Я моментально забыла его грубость, его домыслы и то, что увлечься им – худшая идея из возможных, потому что вокруг просто больше не было никого и ничего. Только ослепительный горячий свет – и мы вдвоем… Теплый запах специй и ирисов поплыл вокруг меня, словно тоже включившись от повысившейся вокруг температуры.
Да он же нагло пользуется своим обаянием!
И это действует!
Я совершенно не собиралась ему помогать, но в тот момент мне так хотелось погреться в этом свете еще хоть немного, что я начала судорожно соображать, чем же могу ему помочь? Вызвать эвакуатор? Покричать в окна в надежде, что хозяин «Гетца» выглянет? Отнести машинку на руках – она же маленькая?
Где-то в остатках моих растаявших мозгов появилось решение:
– Можно спросить в соседском чате!
– В каком чате, Ева? – Его голос переливался медовыми оттенками, стелился туманом над лавандовыми полями.
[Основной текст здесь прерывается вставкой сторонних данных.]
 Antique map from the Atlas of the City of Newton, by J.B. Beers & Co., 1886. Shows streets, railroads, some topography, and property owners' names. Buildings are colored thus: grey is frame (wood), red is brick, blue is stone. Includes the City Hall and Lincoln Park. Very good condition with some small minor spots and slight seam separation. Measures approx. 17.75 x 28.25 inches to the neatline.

– У нас в ватсапе есть чат для соседей, – объяснила я, встречаясь глазами с ним. Он не отвел взгляд и так внимательно слушал, будто важнее моих слов не было ничего на свете. – Для нашего дома и окрестных. Наверняка там кто-нибудь знает, чья это машина.
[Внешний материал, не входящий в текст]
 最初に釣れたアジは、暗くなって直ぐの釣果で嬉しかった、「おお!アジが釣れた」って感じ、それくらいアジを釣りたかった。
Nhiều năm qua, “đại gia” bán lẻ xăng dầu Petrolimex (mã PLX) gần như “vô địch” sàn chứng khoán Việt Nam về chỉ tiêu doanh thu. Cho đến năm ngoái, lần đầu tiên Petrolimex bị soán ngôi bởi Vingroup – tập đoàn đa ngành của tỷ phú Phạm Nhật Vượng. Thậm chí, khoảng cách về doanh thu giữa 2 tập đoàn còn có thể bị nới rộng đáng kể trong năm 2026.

– Спросите там, пожалуйста… – твердые пальцы сжали мой локоть, а один из них начал поглаживать его по кругу, и это почему-то было очень приятно, хотя обычно я не люблю, когда меня трогают незнакомые люди.
– Спросите сами, я могу вас туда добавить, – предложила я. – Какой у вас номер?
Достав телефон из кармана, я нашла наш домовый чат. Сосед продиктовал свой номер, я попыталась послать приглашение, но без добавления в контакты не получилось. Пришлось добавить – и я увидела, как высвечивается его имя.
Ярослав.
В этот момент он отпустил мой локоть, и я почувствовала такой острый приступ сожаления, что испугалась сама себя. Ярослав – я произнесла его имя про себя, и оно мне понравилось – достал свой телефон, принял мой запрос и вошел в чат.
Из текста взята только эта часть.